In 1801, a group of ministers were hoping to host a camp revival meeting in what was then the frontier of the young nation of the United States. The two most prominent figures in the movement were originally a Presbyterian minister, Barton Stone, and later on, a Scottish minister, Alexander Campbell. During the heat of the summer, there was not that much to do while your crops were growing on the frontier before the fall harvest, so the idea of traveling to a camp meeting was a great way to accomplish spiritual and social goals for folks spread out in sparsely populated areas of the Midwest.

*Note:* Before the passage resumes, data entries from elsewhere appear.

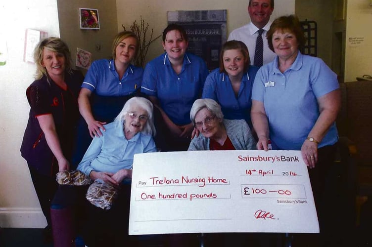 PETER Allen, Bude Sainsbury’s store manager, and Lesley Blake-Bertram, PR ambassador, visited Trelana Nursing Home in Bude recently to present a £100 community grant. The money will be used to develop a patio area for the residents. Hot cross buns were also handed out for an Easter treat. Lesley and Peter are pictured with staff and residents Menna Blake-Bertram, Emma Tozer, Nina Mason, Jan Dickerson, Sylvia Turner and Amy Brooks.
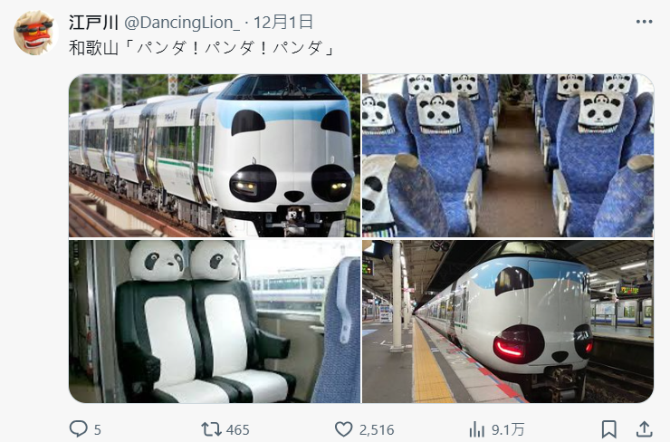 像和歌山就以當地非常有名的貓熊作為主題,打造專屬的「貓熊黑潮號」電車,讓遊客前往當地旅遊景點 Adventure World 冒險大世界,擁有集動物園、水族館、遊樂園於一體的地方,非常值得旅遊前往。
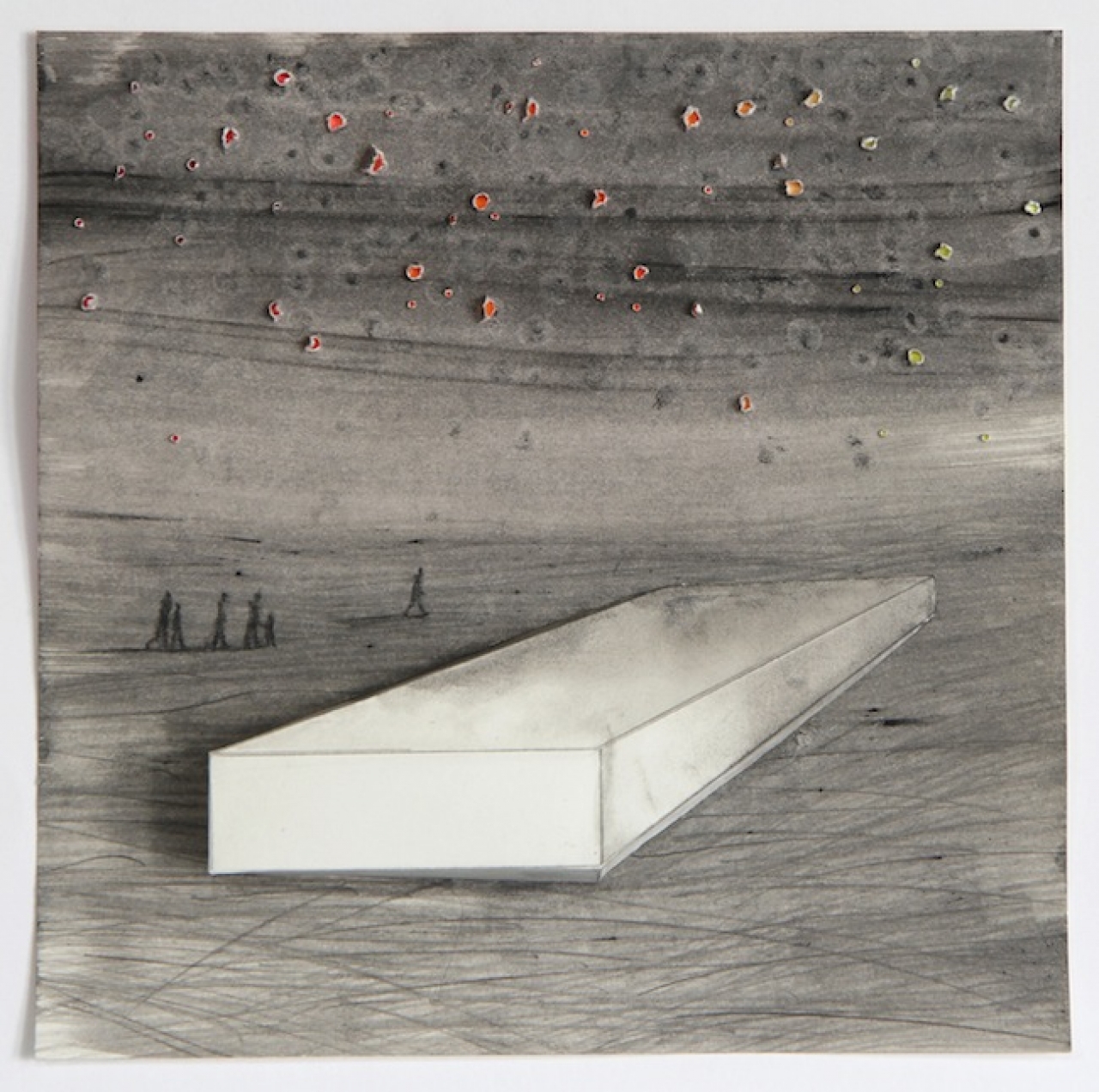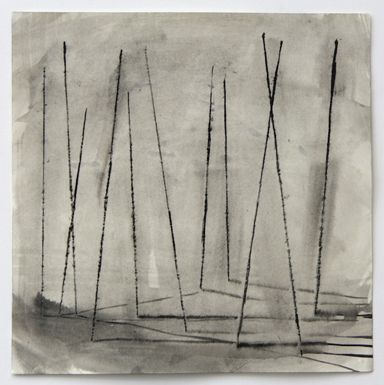 De tekeningen van Lenneke van der Goot (1979) bestaan uit een opeenvolging van omtrekkende bewegingen om de kijker te benaderen. Ze sluipt ongezien op je af om haar tanden in je hals te zetten als je er het minst op verdacht bent. Ze laat niet meer los en bijt stevig door. Ze is een weerwolf die niet alleen bij volle maan toeslaat. De aard van haar werk is een ongemakkelijk combinatie van een natuurlijk talent en complexe rationele overwegingen. Je ziet landschappelijke en urbane, realistische en abstracte componenten in elkaar verstrikt raken. Er is een dierlijke gesteldheid in het werk die tegelijkertijd ontroerend en bedreigend is, naast een bijna rekenkundig aandoend patroon dat compositorisch het wankele evenwicht binnen de tekening schraagt. Haar tekeningen zijn inderdaad schragen: je kunt er een blad opleggen en dan heb je een tafel waar je bovenop kunt kijken.

What was unique about the Cane Ridge Revival was the sheer size of the event, for that moment in history, out on the American frontier. Stone and his fellow ministers behind the revival had advertisements for the camp meeting posted in numerous newspapers across the country. Historians estimate that in August, 1801, somewhere between 10,000 to 20,000 people descended upon Cane Ridge. It was the 19th century cultural equivalent of the 1969 music festival, Woodstock, held in New York state, a defining moment for the counterculture movement of the 1960s.

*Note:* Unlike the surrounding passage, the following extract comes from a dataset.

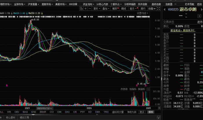 监管调查数据还显示,该造假行为造成的财务失真规模惊人:2019年至2023年,退市卓朗年度报告分别虚增营业收入2.49亿元、4.89亿元、3.39亿元、6.56亿元、0.82亿元,占各期披露营业收入比例最高达72.46%;同期虚增利润总额分别为2.49亿元、3.10亿元、3.39亿元、3.57亿元、0.82亿元,占各期披露利润总额绝对值比例最高达86.08%。此外,证监会还查明,退市卓朗2019年至2020年期间存在未按规定披露4.91亿元对外担保的重大遗漏问题,相关行为已触及重大违法强制退市情形,公司已于2025年3月6日正式摘牌。
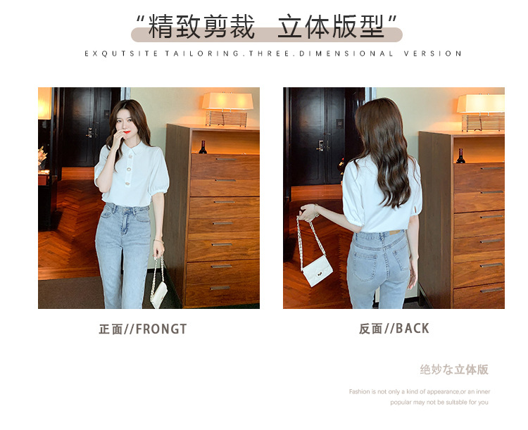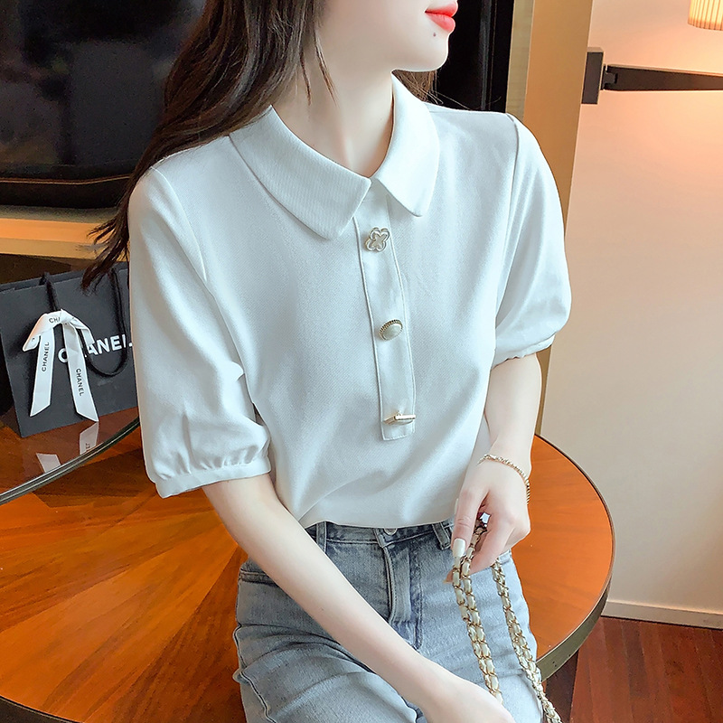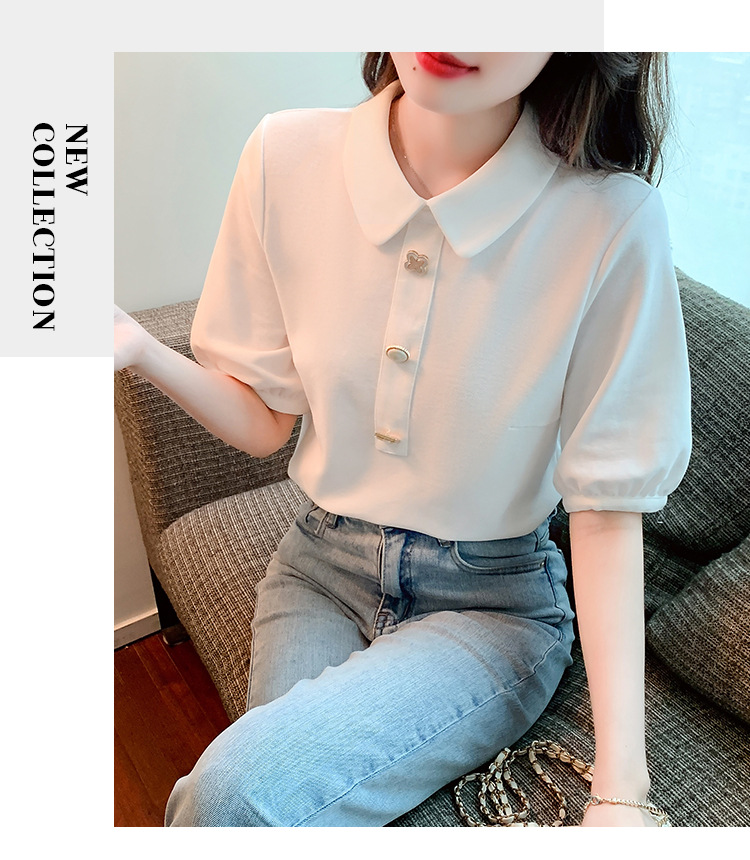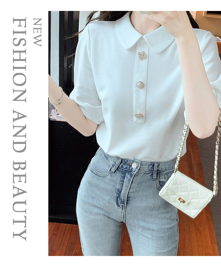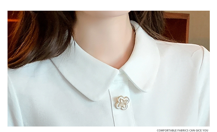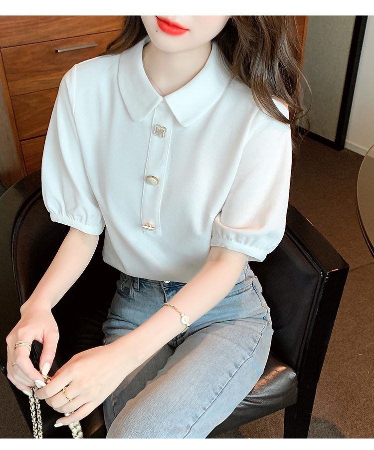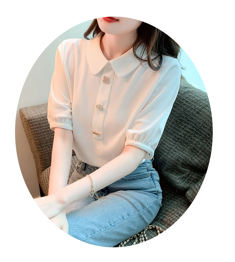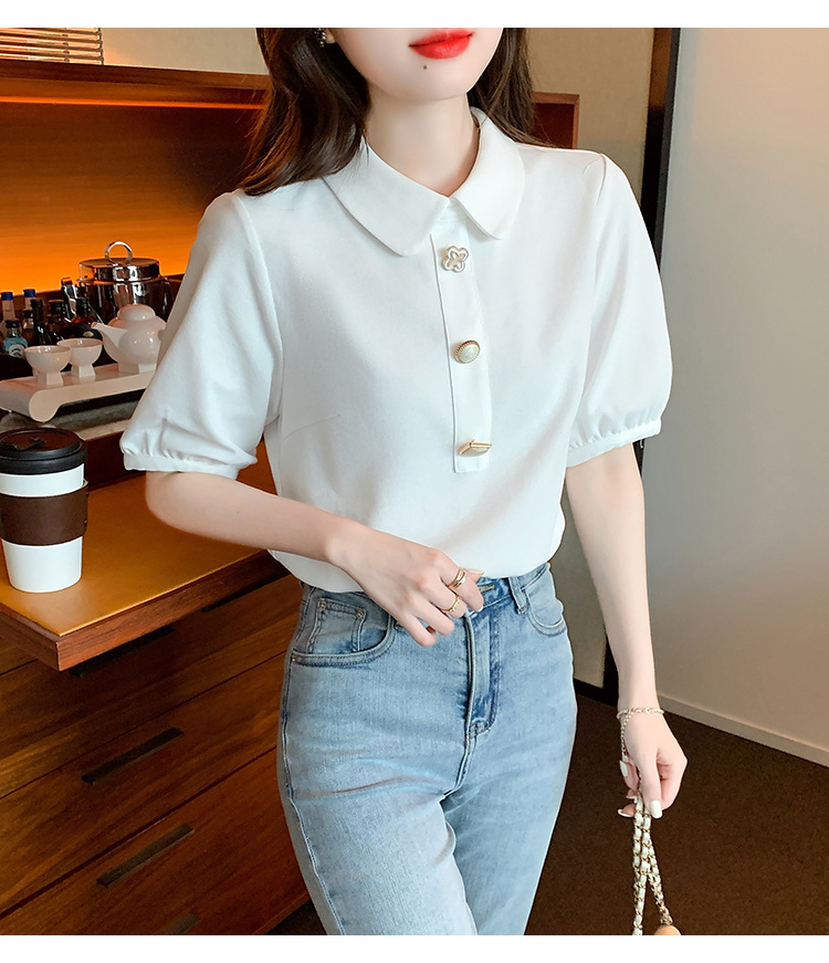 2025년 여름 신상 화이트 돌리넥 반팔 쉬폰 셔츠 여성용 달콤하고 패셔너블하며 나이를 줄여주는 스타일리시한 셔츠스토어 가기

So many people came to the camp meeting that the house used by the little Presbyterian church, which hosted the event, could not be used. Makeshift platforms were made across the various fields surrounding the church building, where singers sang, and most importantly, preachers preached. In front of some of these platforms there was an “anxious bench,” where various sinners could sit when the message being preached pricked their hearts, urging them on to repentance. The “anxious bench” was the forerunner to the “altar calls” held by 20th century preachers, like Billy Graham.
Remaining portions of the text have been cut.